Happy Valentines Day

Well once again February 14th rolls around and I find myself celebrating it with a coffee in my hand and a cat on my lap while I sit in front of the telly watching soppy movies about true love. Blah,…  humbug,…

Being alone does make me sad. I would like to have a special someone but, come on,…. what can I offer a man? My dating profile would be interesting to say the least. “certifiably mad woman with numerous mental health issues,… social phobic won’t leave her apartment or talk with strangers,… fears germs to a fault,…. depression ruins her life and OCD controls it,… doesn’t function well due to large doses of medication” If interested please reply,…

Yup, this is one aspect of mental illness that most people don’t think about. It’s not only a difficult illness to live with,… it’s also a lonely one. Lots of people want to help and support me which is awesome (my family has been my lifeline) but no one wants to actually get involved with someone like me. I think they are scared. People with mental illness are sometimes unpredictable,.. which can lead to others being apprehensive about our behavior. We don’t “fit” into the “normal” mold of everyone else and that leads to fear.

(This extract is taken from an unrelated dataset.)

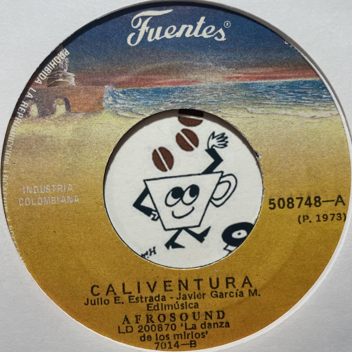 DISCOS FUENTES至宝LATIN-FUNKグループAFROSOUNDの1973年FUENTESレーベルリリースSEVEN INCシングルCALIVENTURA。言葉の意味は良く解りませんが、毎度ブッ飛んだアレンジで楽しませてくれる変体LATIN-FUNKバンドが見事期待に応えてくれた辺境密林FUNKで、怪しさもテロテロ具合も摩訶不思議ギミック音も全部乗せの大盛りだぞッ!!!VAMPISOULレーベルコンピ盤も豪華再発SEVEN10枚BOXセットは棚に飾ってコチラのオリジナルSEVEN INCを買うのが粋ってモノでございます。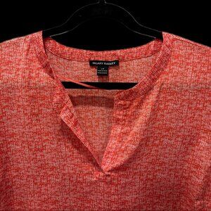 Lightly used red and white Hilary Radley V-neck blouse with cap sleeves. In excellent condition - no holes or tears. Size L, 100% polyester

Not gonna deny it. I have definitely had my meltdowns over the years. And these meltdowns scared my family and friends and led to the loss of my children. I’m not proud of these times but it was all part of the illness. Unfortunately, it made most people turn around and walk the other way. No man in his right mind would attempt to have a relationship. My life is too different from everyone else’s. It makes for a pretty lonely existence.

(But on the other hand,… my profile could have room for a few other things too.  Heart of gold,… humorous,… loves her family with all she has and never gives up no matter how hard the journey gets…)

I watched the news on February 12th. (Bells “Lets Talk Day”) and I was really glad to see them focus on mental health and air stories from mentally ill people throughout this week. Encouraging to us who suffer with the illness and revealing and educational to those who don’t know anything about it.  I think society is definitely headed in the right direction with mental health care.

So for all you people out there snuggling up with their special someone enjoying cupids day ~ just take a quick minute to be thankful that you are not only mentally healthy,… but that you are lucky enough to have a special someone to snuggle up to,…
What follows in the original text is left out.